Now, we know that the sum of the roots of the quadratic equation $a{{x}^{2}}+bx+c=0$ is $\dfrac{-b}{a}$
Hence, we have
$\begin{align}
  & \alpha +2\alpha =\dfrac{-l}{l-m} \\
 & \Rightarrow 3\alpha =\dfrac{-l}{l-m} \\
\end{align}$
Dividing both sides by 3, we get
$\alpha =\dfrac{-l}{3\left( l-m \right)}\text{ ……………….. }\left( i \right)$
Also, we know that the product of the roots of the quadratic equation $a{{x}^{2}}+bx+c=0$ is $\dfrac{c}{a}$.
Hence, we have
$\begin{align}
  & 2\alpha \times \alpha =\dfrac{1}{l-m} \\
 & \Rightarrow 2{{\alpha }^{2}}=\dfrac{1}{l-m}\text{ ………………. }\left( ii \right) \\
\end{align}$
Substituting the value of $\alpha $ from equation (i) in equation (ii), we get
$\begin{align}
  & 2{{\left( \dfrac{-l}{3\left( l-m \right)} \right)}^{2}}=\dfrac{1}{l-m} \\
 & \Rightarrow \dfrac{2{{l}^{2}}}{9{{\left( l-m \right)}^{2}}}=\dfrac{1}{l-m} \\
\end{align}$
Multiplying both sides by $9{{\left( l-m \right)}^{2}}$, we get
$2{{l}^{2}}=9\left( l-m \right)$
Adding $9m-9l$ on both sides of the equation, we get
$2{{l}^{2}}-9l+9m=0\text{ }\left( a \right)$, which is a quadratic in l.
We know that if the roots of the equation $a{{x}^{2}}+bx+c=0$ are real, then $D={{b}^{2}}-4ac\ge 0$.
Since l is real, we have
${{9}^{2}}-4\left( 9m \right)\left( 2 \right)\ge 0$
Adding 72m on both sides of the equation, we get
$72m\le 81$
Dividing both sides by 72, we get
$m\le \dfrac{81}{72}=\dfrac{9}{8}$
Hence, we have
$m\le \dfrac{9}{8}$
Hence, we have a= 9 and b = 8
Hence a+b = 17
Hence Min(a+b) = 17.

Note: [1] In the above question we have used that the minimum of sum of numerator and denominator of a fraction in $\dfrac{p}{q},p,q\in \mathbb{Z},q\ne 0$ form is when the fraction is expressed in lowest terms.

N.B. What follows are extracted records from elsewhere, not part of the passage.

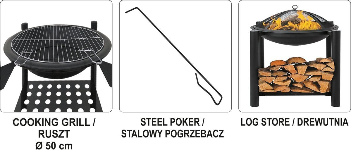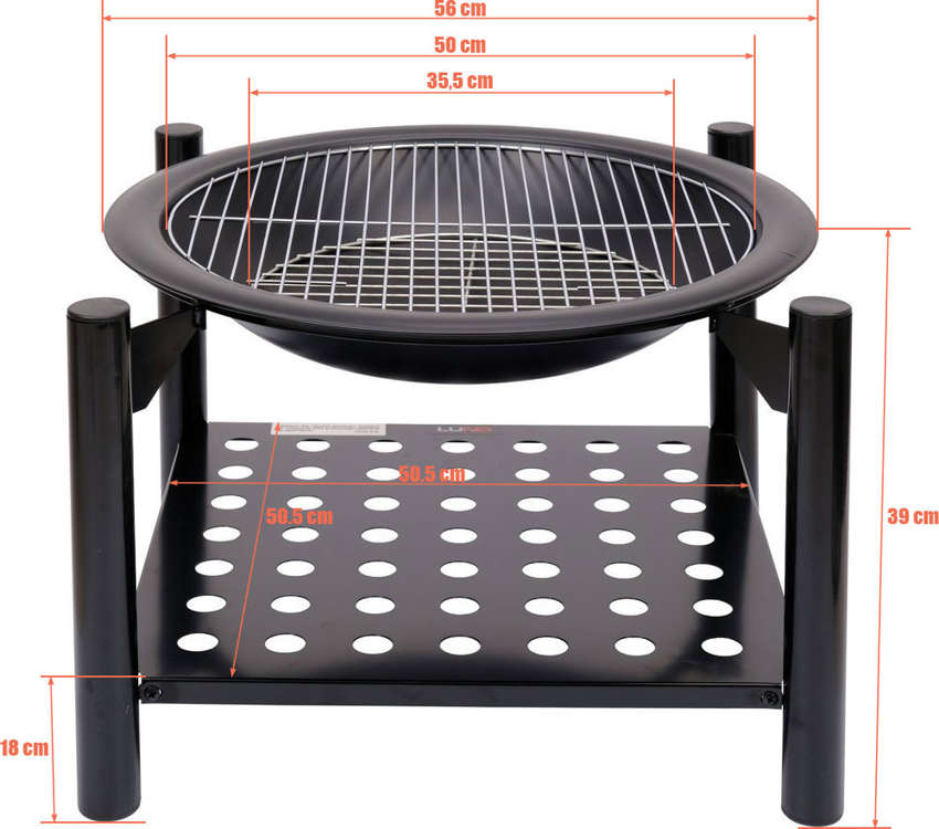grate height 39 cm - convenience in grilling, large distance from the ground, thanks to which we avoid burning it (e.g. grass)
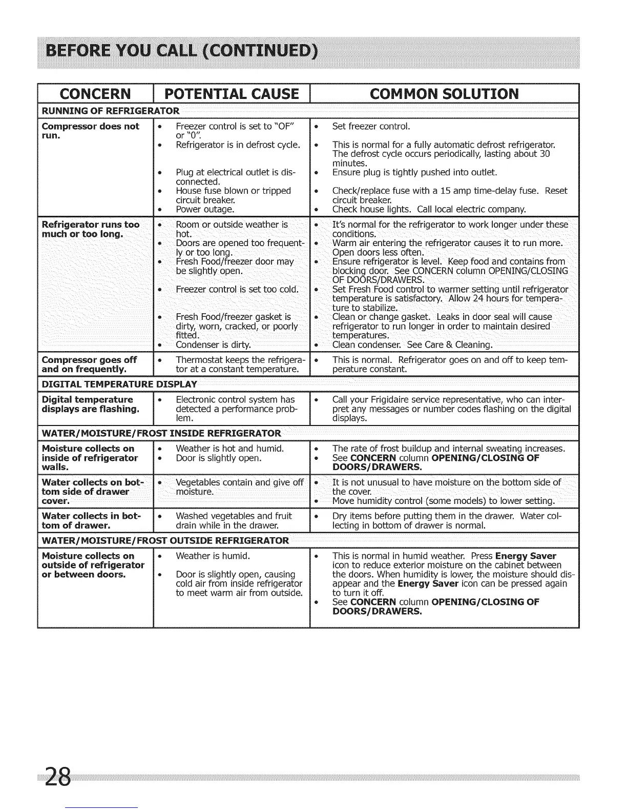 Digital temperature _ • Electronic control system has * Call your Frigidaire service representative, who can inter-
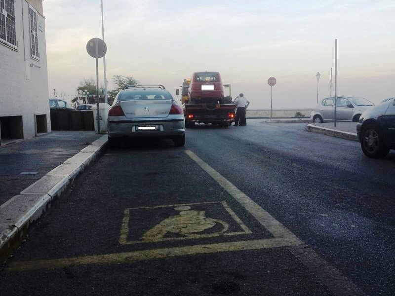 È ripresa l'offensiva della Polizia locale contro l'occupazione illegittima di stalli per portatori di handicap. Nel pomeriggio, in via Nicola de Roggiero un'auto parcheggiata all'interno di uno degli spazi assegnati ai diversamente abili, è stata rimorchiata dal carroattrezzi, alla presenza di agenti del Comando.
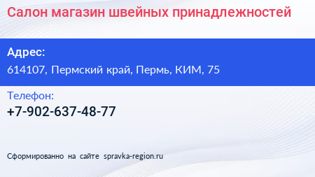 Салон-магазин швейных принадлежностей по адресу 614107, Пермский край, Пермь, КИМ, 75 в дальнейшем Организация, размещена в следующих категориях:
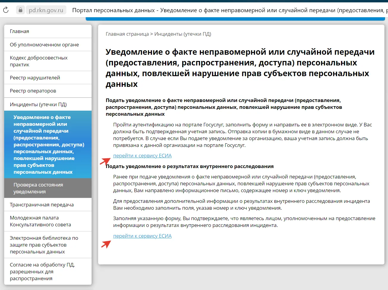 19.12.2022 Подать информацию об инцидентах и результатах их внутренних расследований можно по ссылкам с сайта РКН, пройдя идентификацию ЕСИА (Госуслуги).
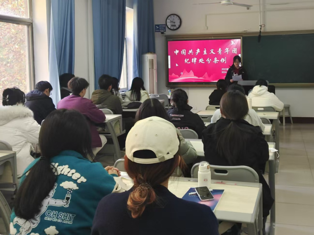 纪律是一柄戒尺,规范着同学们的一言一行;也是一只大手,扼断所有歪风邪气。9728太阳集团团委组织各班级团支书进行研讨会,会上着重讨论了遵守纪律对团员在日常行为、组织活动等方面的具体要求。9728太阳集团各班级团干部分别组织开展主题团日等活动,带领全体团员深入学习《中国共产主义青年团纪律处分条例(试行)》,具体分析了对团内违法犯忌团员的处分分类、责任区分及处分后果等内容。各班团干部宣读《中国共产主义青年团纪律处分条例(试行)》,并详细阐述该条例制定的背景及意义。
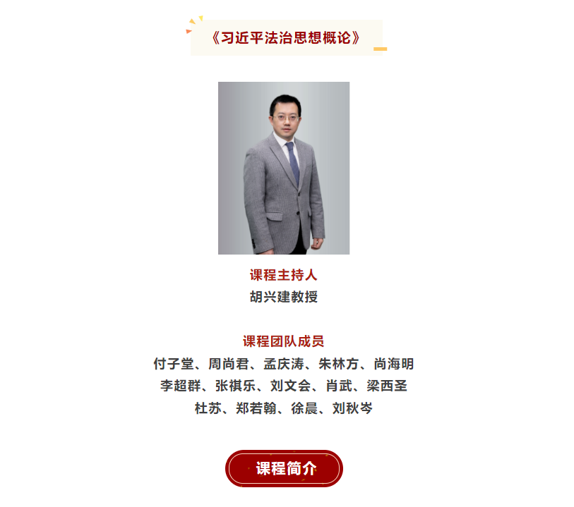 本课程将习近平法治思想作为一个内涵丰富、论述深刻、逻辑严密、系统完备的理论体系,做到讲清楚以下六个方面的内容:习近平法治思想的鲜明特色、重大意义、丰富内涵、核心要义、科学方法、实践要求。课程以习近平法治思想为指南,引导学生坚持在法治轨道上推进国家治理体系和治理能力现代化的高度去学习法律知识。
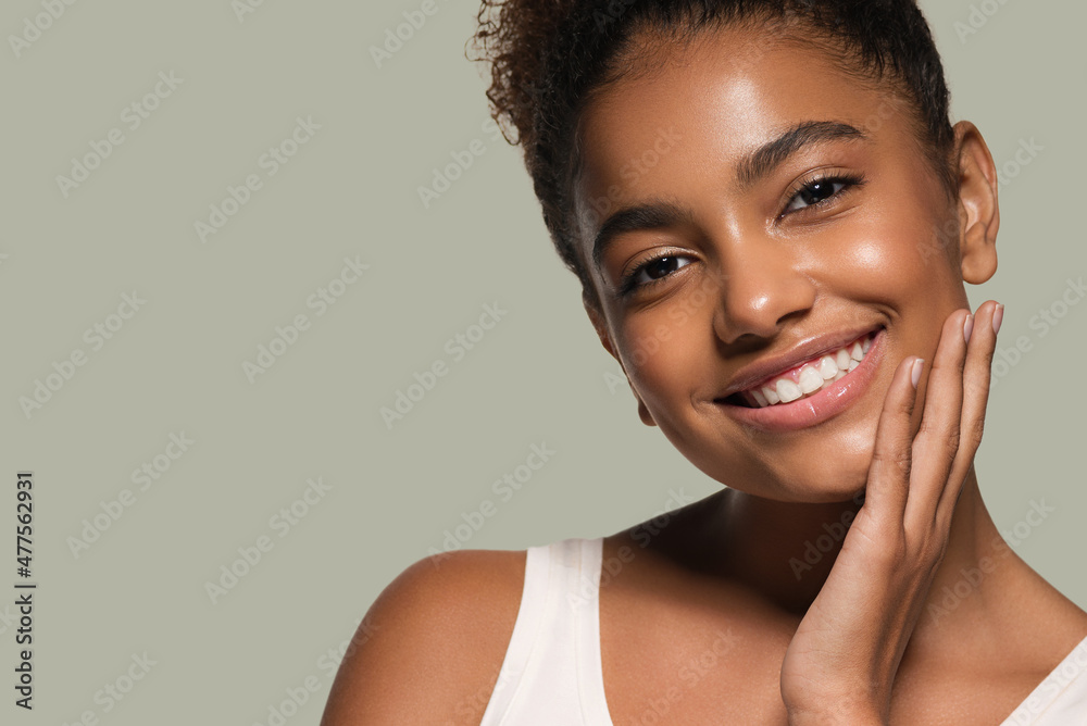 Beauty woman black skin face smiling model touching her face. Color background. Green
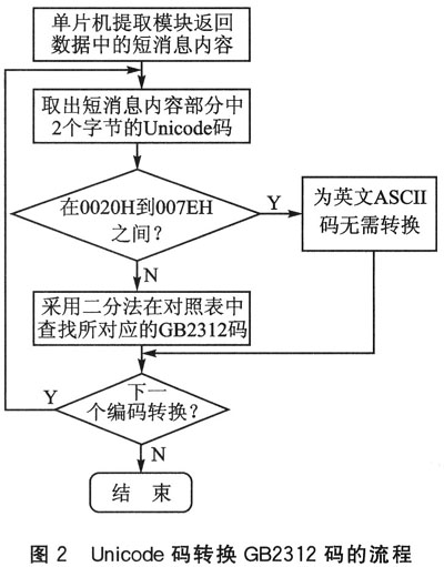 單片機(jī)通過(guò)串口與模塊連接后,發(fā)送讀取第一條新短消息指令:“AT+CMGR=1”。提取模塊接收的短消息后,先判斷其內(nèi)容是否為ASCII碼。若為ASCII碼,則無(wú)需轉(zhuǎn)換直接讀;否則,通過(guò)查表法查找其對(duì)應(yīng)的漢字GB碼,實(shí)現(xiàn)不同編碼間的轉(zhuǎn)換。轉(zhuǎn)換流程如圖2所示。
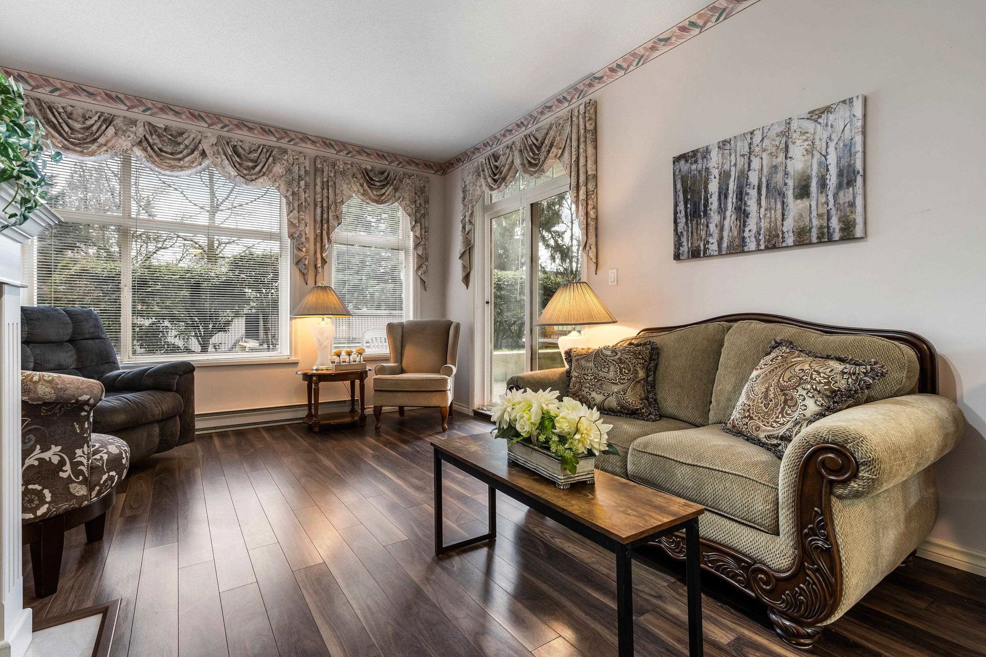 FABULOUS 1 bedroom GROUND FLOOR unit in the Devonshire! Offering 835 sq. ft. of comfortable living, this home is IDEAL for first-time buyers or downsizers! Enjoy west-facing exposure and an UNBEATABLE location within walking distance to Downtown Chilliwack, District 1881, shopping, recreation, and transit! Step into a spacious layout with AMPLE storage, a generous kitchen seamlessly flowing into the dining and living areas, complete with a cozy gas fireplace and tons of windows for natural light! The 4 pc bathroom with separate soaker tub is an added bonus. A large outdoor patio makes this home PERFECT for entertaining OR relaxing outdoors. An incredible blend of lifestyle AND value — this home won’t last long!

[2] We can also directly arrive at the above condition (a) using quadratic formula. Since one of the roots is twice the other, we have $\dfrac{-l+\sqrt{{{l}^{2}}-4\left( l-m \right)}}{2\left( l-m \right)}=2\dfrac{-l-\sqrt{{{l}^{2}}-4\left( l-m \right)}}{2\left( l-m \right)}$
Hence, we have
$\begin{align}
  & -l+\sqrt{{{l}^{2}}-4\left( l-m \right)}=-2l-2\sqrt{{{l}^{2}}-4\left( l-m \right)} \\
 & \Rightarrow 3\sqrt{{{l}^{2}}-4\left( l-m \right)}=-l \\
\end{align}$
Squaring both sides, we get
$9{{l}^{2}}-36l+36m={{l}^{2}}\Rightarrow 8{{l}^{2}}-36l+36m=0$
Dividing both sides by 4, we get
$2{{l}^{2}}-9l+9m=0$, which is the same as equation (a).
Proceeding similarly as above we get $m\le \dfrac{9}{8}$